Global capitalism has long lacked for a ringing slogan like "workers of the world unite." It's never too late to find one, and a good candidate -- with apologies to the international charity of the same name -- might be "save the children."
The United Nations Children's Fund just announced that deaths of young children worldwide hit an all-time low, falling beneath 10 million annually. Better practices to protect against disease and to enhance nutrition -- more vaccinations and mosquito nets, more breast-feeding and vitamin A drops -- played a role, but the most important factor in this global good-news story is economic growth.
It is no coincidence that as UNICEF was reporting the drop in child mortality, the World Bank was reporting global poverty rates had fallen as part of an extraordinary worldwide economic boom. Treasury Secretary Henry Paulson calls it "far and away the strongest global economy I've seen in my business lifetime." The global economy is growing at a 5 percent clip, higher than the 3 percent of the period from 1960 to 1980 and the 4.7 percent from 1960 to 1980. As U.S. News & World Report points out, "Gross global product is three times as big as it was in 1970"; so the global economy is not only growing faster, but there's more to grow.
In a worldwide instance of trickle-down economics, the growth is diminishing the ranks of the poor. According to the World Bank, developing countries have averaged 3.9 percent growth since 2000, contributing "to rapidly falling poverty rates in all developing regions over the past few years." In 1990, 1.25 billion people lived on less than $1 a day. In 2004, less than a billion did, even though world population increased 20 percent in the interim.
When a developing country gets richer, it means that people living there are less likely to be malnourished and -- as infrastructure improves -- more likely to have access to clean water and to sanitation. This is a boon to health.
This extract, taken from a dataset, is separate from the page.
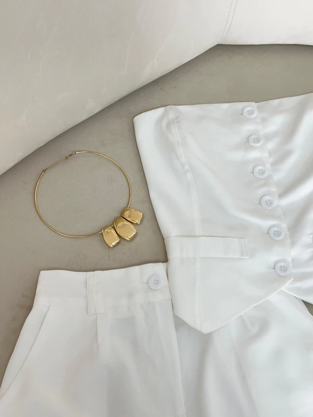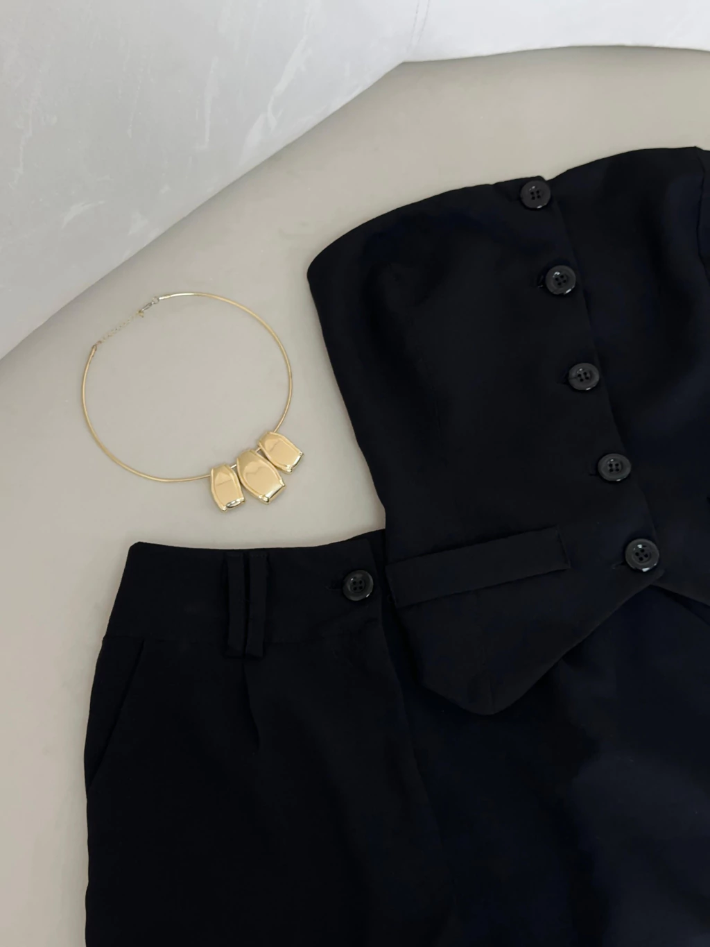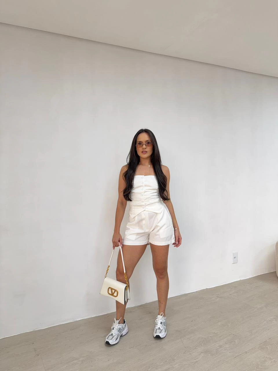 O Conjunto Sabrina é perfeito para quem busca estilo e sofisticação em uma única peça. Composto por blusa tomara que caia estruturada com botões frontais e shorts de alfaiataria, ele une elegância e conforto, criando um look moderno e versátil.

A recent article in the journal Lancet concluded that "undernutrition is the underlying cause of a substantial proportion of all child deaths." Malnutrition weakens a child's immune system and makes him more susceptible to diarrhea, malaria, pneumonia and other diseases. Lack of potable water and sanitation -- roughly 1 billion people lack clean water, and 2 billion lack sanitation -- also increases the risk of illness, obviously. Millions die every year from diseases associated with contaminated water and poor sanitation.
China and India have led the way in growth, with the fastest- and second-fastest-growing major economies in the world. Thus, what have been sinks of human misery on a vast scale for centuries are becoming more livable. China accounted for almost all the recent drop in people living on less than $1 a day, experiencing a decline of 300 million since 1990. India has seen its mortality rate for children under the age of 5 decline from 123 per 1,000 in 1990 to 74 in 2005.
Such growth in developing countries is the result of, according to the World Bank, "further integration into world markets, better functioning internal markets and rising demand for many commodities." In short: globalization and capitalism. When a goateed anarcho-syndicalist commits an act of vandalism at an anti-globalization protest, he might think that he's striking a blow against The Man, but he's really rallying against the chance some desperately poor little boy or girl has to live a healthier life.
Because we in the West have reached the sunny uplands of sustained economic development, we can worry about the deleterious second-order effects -- pollution, etc. -- of growth. In too many places around the world, however, economic growth is still a matter of life and death. Governments, philanthropists and activists have been pouring massive resources into fighting AIDS and other diseases in the Third World recently. This is all very commendable, but we can't ignore the main event.
By all means, let's save the world -- help it grow.